Then she plopped down on a sun-dappled knoll by the lake’s edge, bag of biscuits at her side. Before bottom smacked the ground, the dirty blue-and-grey tunic and riding breeches bloomed into billowing skirts, silks overlapping in layers like a wind-tousled poppy. She smoothed them into a pillow across her lap, then reached both hands to the back of her head.
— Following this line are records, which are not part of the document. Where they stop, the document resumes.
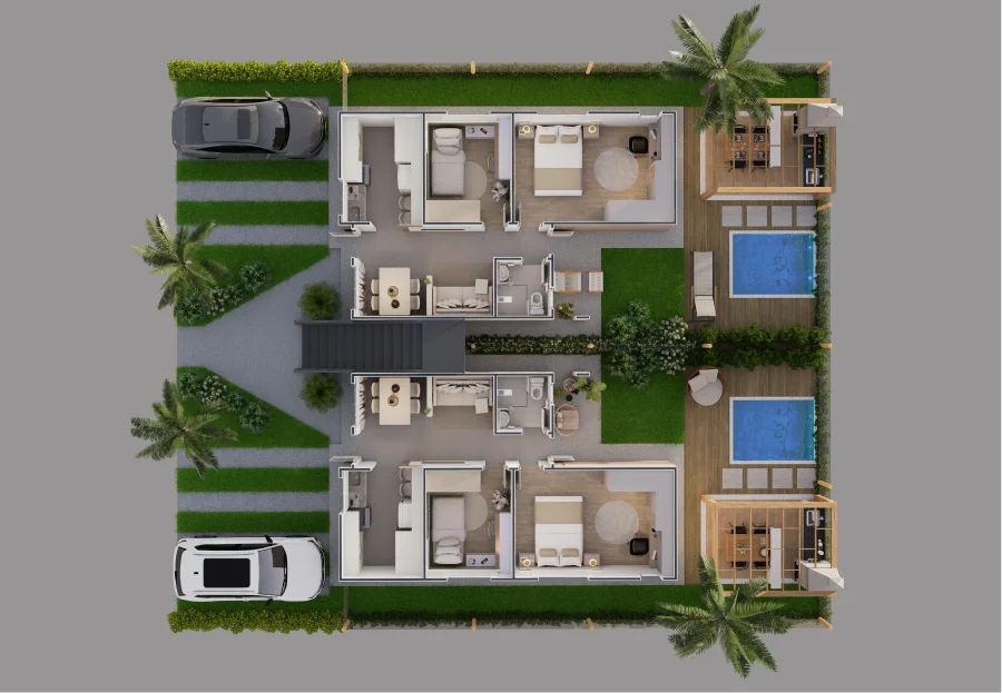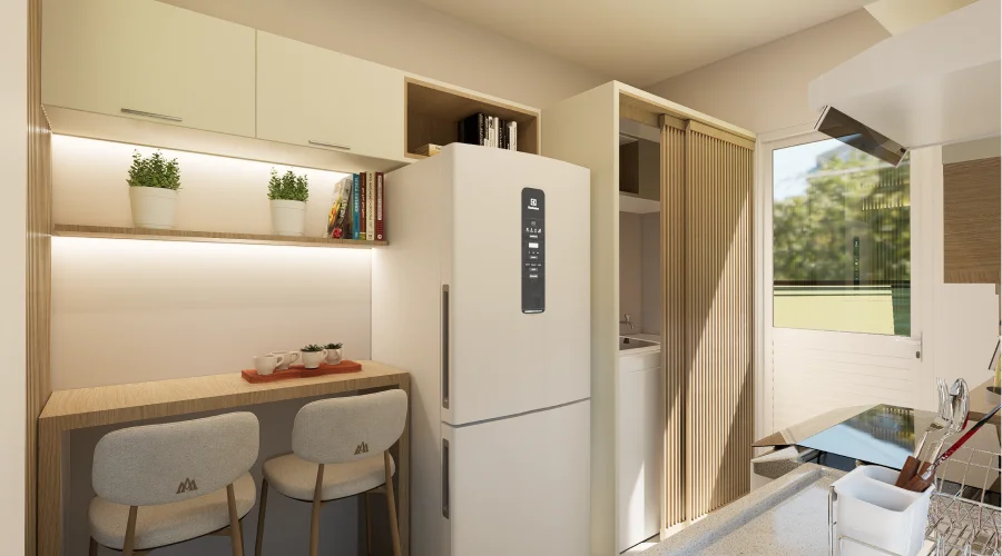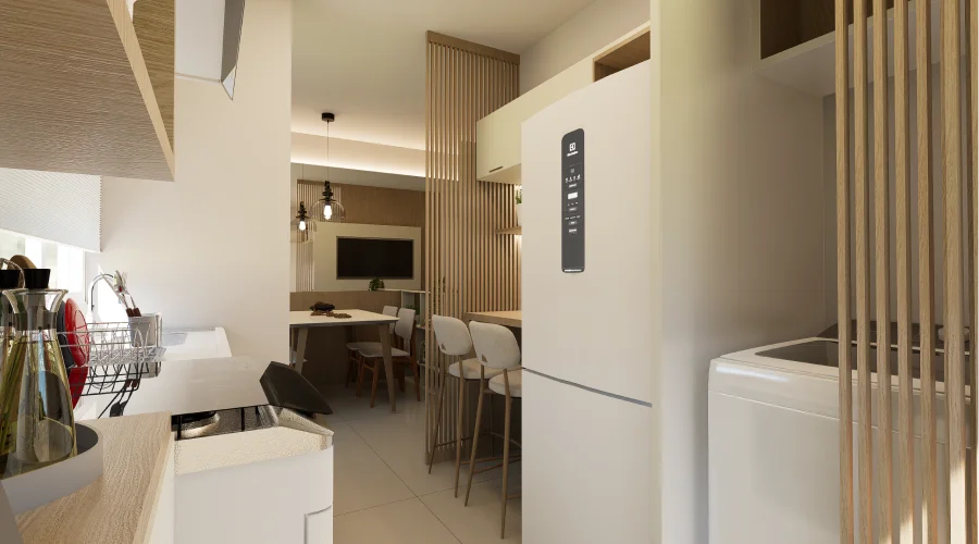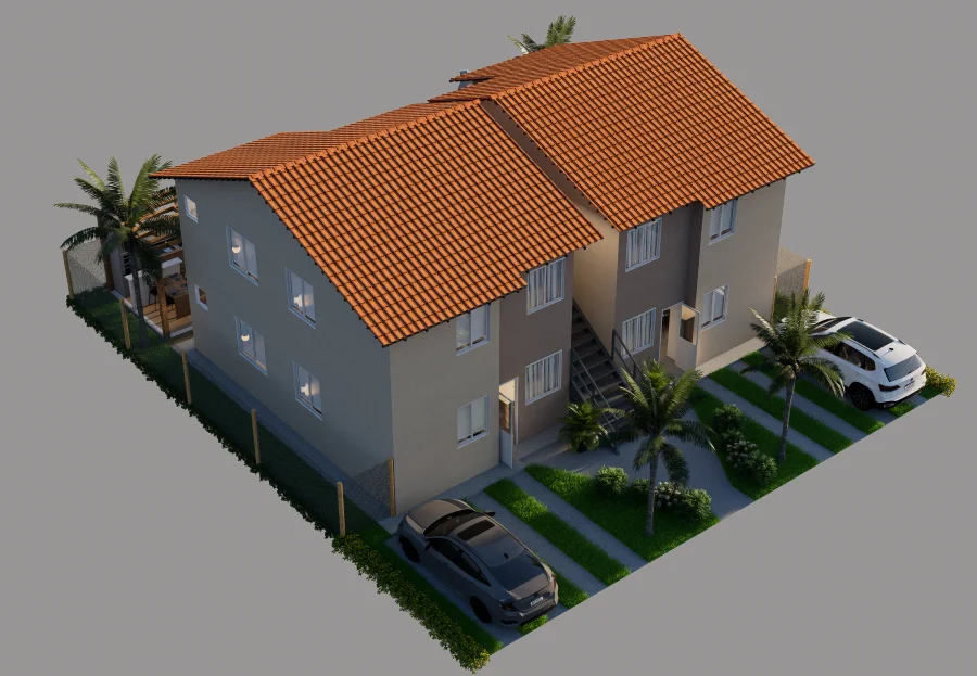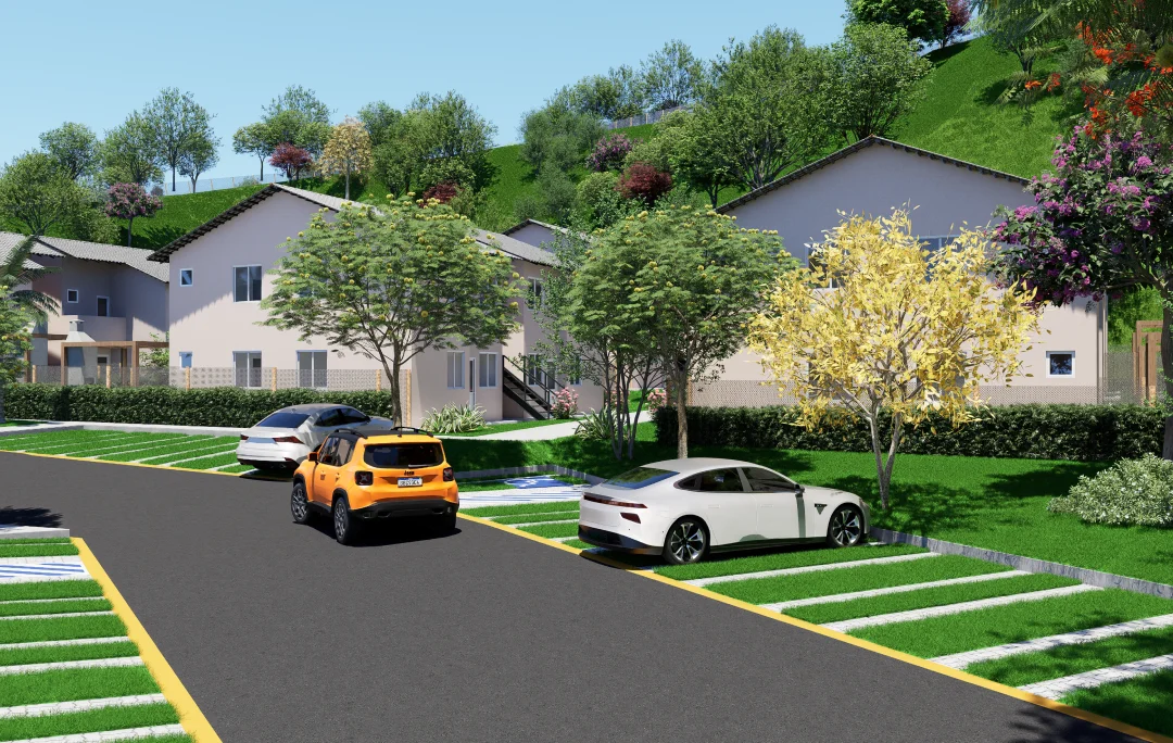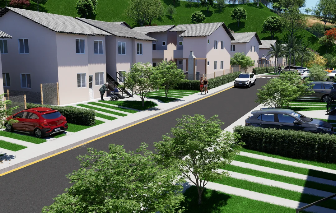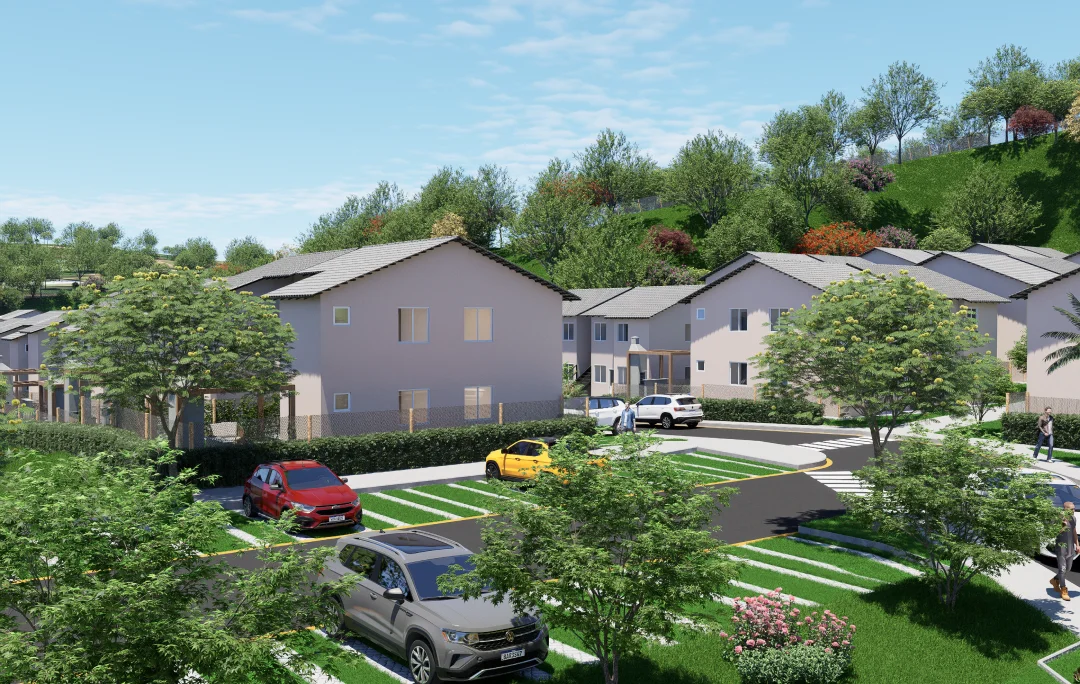 Com gradis de cerca viva entre as residências, você tem ainda mais tranquilidade. A cozinha e os banheiros são revestidos com azulejos até o teto e contam com torneiras em aço inox, garantindo um acabamento sofisticado e de alta durabilidade.
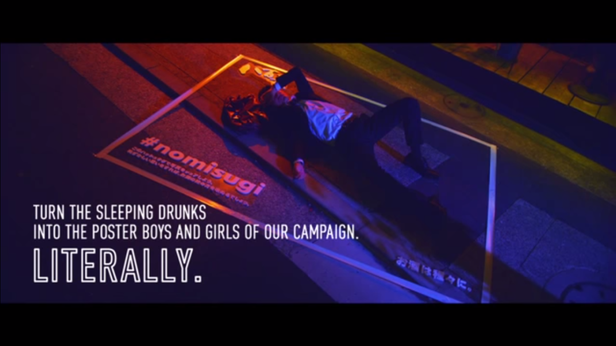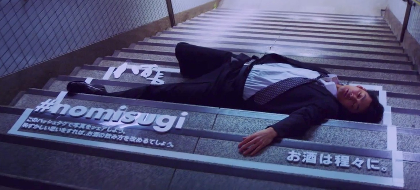 Anche se l'onore e il rispetto significano molto in Giappone, sorprendentemente per i giapponesi l'ubriachezza non è affatto un problema e, per attirare l'attenzione su questo fenomeno, le agenzie Ogilvy e Mather E Geometria globale per un cliente, uno dei più grandi bar giapponesi Yaocho, hanno preso la situazione nelle loro mani creative e hanno trasformato gli ubriachi che dormivano per strada in "star" di manifesti giganti: li hanno circondati con una cornice bianca e un'etichetta #NOMISUGI (troppo ubriachi in giapponese) e invitava così i passanti a fotografarli e condividerli sui social network.
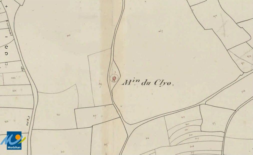 Le moulin à vent du Cléyo sur le cadastre de 1829 (A. D. du Morbihan, 3 P 75/2)Immatriculation
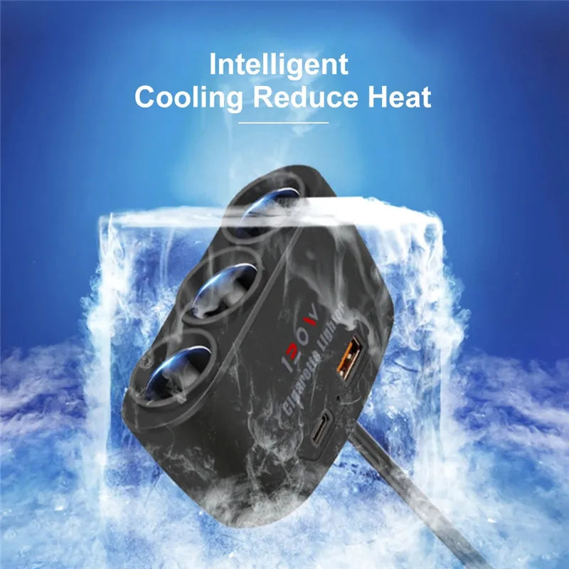 120W 3-in-1 Car Cigarette Lighter Splitter – Dual USB Fast Charger & Power Adapter

Her tight braid unraveled into a frizzy red-gold mane that somehow immediately got caught in the corners of her mouth, resulting in several disgusted heartbeats spent spitting it out.
From a tiny reed flask, she tipped a dollop of scented oil on her thumb and rubbed it along the teeth of a carved comb, then began to work through the knots, using a technique of some long standing: pinning individual coils between her fingers to keep from yanking, starting at the tips and working slowly toward the scalp to avoid breaking off the brittle ends. As she combed, she sang, bright and cheerful and a little self-consciously silly:
Pity the fate of a fair young maiden
Wand’ring meadow and wood in fear
Useless of her to expend all her efforts
Or to flee when a shepherd draws near
Late at night as she turns to go home
He who has watched her will then appear
She must succumb to my magical pow’rs!
She cannot hope to keep her flowers
Safe, no matter how hard she try
I’m a great wizard, a wizard am I
I’m a great wizard, a wizard am I
Wand’ring meadow and wood in fear
Useless of her to expend all her efforts
Or to flee when a shepherd draws near
Late at night as she turns to go home
He who has watched her will then appear
She must succumb to my magical pow’rs!
She cannot hope to keep her flowers
Safe, no matter how hard she try
I’m a great wizard, a wizard am I
I’m a great wizard, a wizard am I
Sometimes it worked. Sometimes she ended up eating all the biscuits herself.